The nice thing about Google's system (which, IIUIC, was Sun's as well, and is also Facebook's) is that when you have a hard dependency on another team and their priority list doesn't line up with yours, you can say "Well, can I make the change myself and you review it?" and the answer is usually yes. That means that people's default worldview is to assume busyness, not malice or stupidity, which makes the company as a whole function much better together. Yes, it creates a huge mess that someone will eventually have to clean up. But now you have a lot of options for how to clean it up, not a single point of failure: you can have the feature implementor do it, or the code owner, or it may get replaced entirely if the system is rewritten, or the feature may be unlaunched and no longer necessary, or someone may write an automated Clang or Refaster tool to fix a bunch of instances at once.

I'd compare it a lot to democratic capitalism: it's the worst system that exists, except for all the rest. When I was at Google, we all complained about how everybody else checked in changes that added complexity to our code. But if we couldn't do that, we'd all be complaining about how everybody else prevented us from getting our work done. I know which problem I'd rather have.


>When you have a number of interdependent modules, then every change request and new feature has to go through that module's owner. If it's not their top priority (and it won't be), then getting your work done suddenly has a hard dependency on a team who is...generally pretty unresponsive, at least from your POV.

Is that true? Again, I've never done development on that scale, so I could totally be wrong, but I'm seeing this a problem with how changes are handled and releases are published.

I do work on some Open Source projects that are used by some big companies, the project has very good reliability because of CI, specification testing, perf testing for regression to the point that merging in minor bug fixes and pushing a minor release is pretty trivial.

Let's say only some of the teams practice good module management, ok fine, you fork the repo, fix the changes, publish your fork as your new dependency and move along on your way.

Does this take discipline?

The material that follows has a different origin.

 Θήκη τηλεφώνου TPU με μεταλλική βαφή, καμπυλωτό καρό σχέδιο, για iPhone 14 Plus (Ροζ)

Absolutely, but it severely reduces complexity in the code. It mandates a certain level of pureness by forbidding certain dependencies in the vast majority of the codebase. The upsides are tremendous when compared to the slight inconvenience of fixing the occasional bug in someone else's module.


Imagine what happens at scale if everyone forks the repo when a critical feature they need isn't being worked on by the core team. Suddenly you have dozens of forks. Now imagine that the core team eventually gets around to publishing that bugfix you really do want. All of these incompatible forks need to down-integrate the change and work around the little tweaks they've added. You have a mess.

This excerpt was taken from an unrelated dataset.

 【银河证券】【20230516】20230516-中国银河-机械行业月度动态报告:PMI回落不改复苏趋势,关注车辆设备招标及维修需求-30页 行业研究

Open source works because the projects that become popular can stake out a particular territory and say "This is our responsibility, this is your responsibility, these are the hooks you can tap into, and if you don't like it, fork or use a different project." Flip the perspective and imagine yourself as the user of an open-source project. There's always a huge amount of work you have to do to customize exactly what the framework gives you to what the product needs. This is okay, because that's the bargain you know you're signing up for when you use the open-source framework, and it is after all what you're getting paid to do. If you don't believe it saves you more effort than it costs you, then don't use it. (In fact, there's a huge graveyard of projects on GitHub where the author tosses their personal way of doing things over the wall and then wonders why nobody uses it or contributes to it. This is why: the benefits don't outweigh the costs.)

Now imagine that you're at a big corporation. There is a lot of work that somebody has to do to make the product work right. All of you are getting paid by the same entity, the company. Who does the work? The team who wants it? The team whose codebase it's in?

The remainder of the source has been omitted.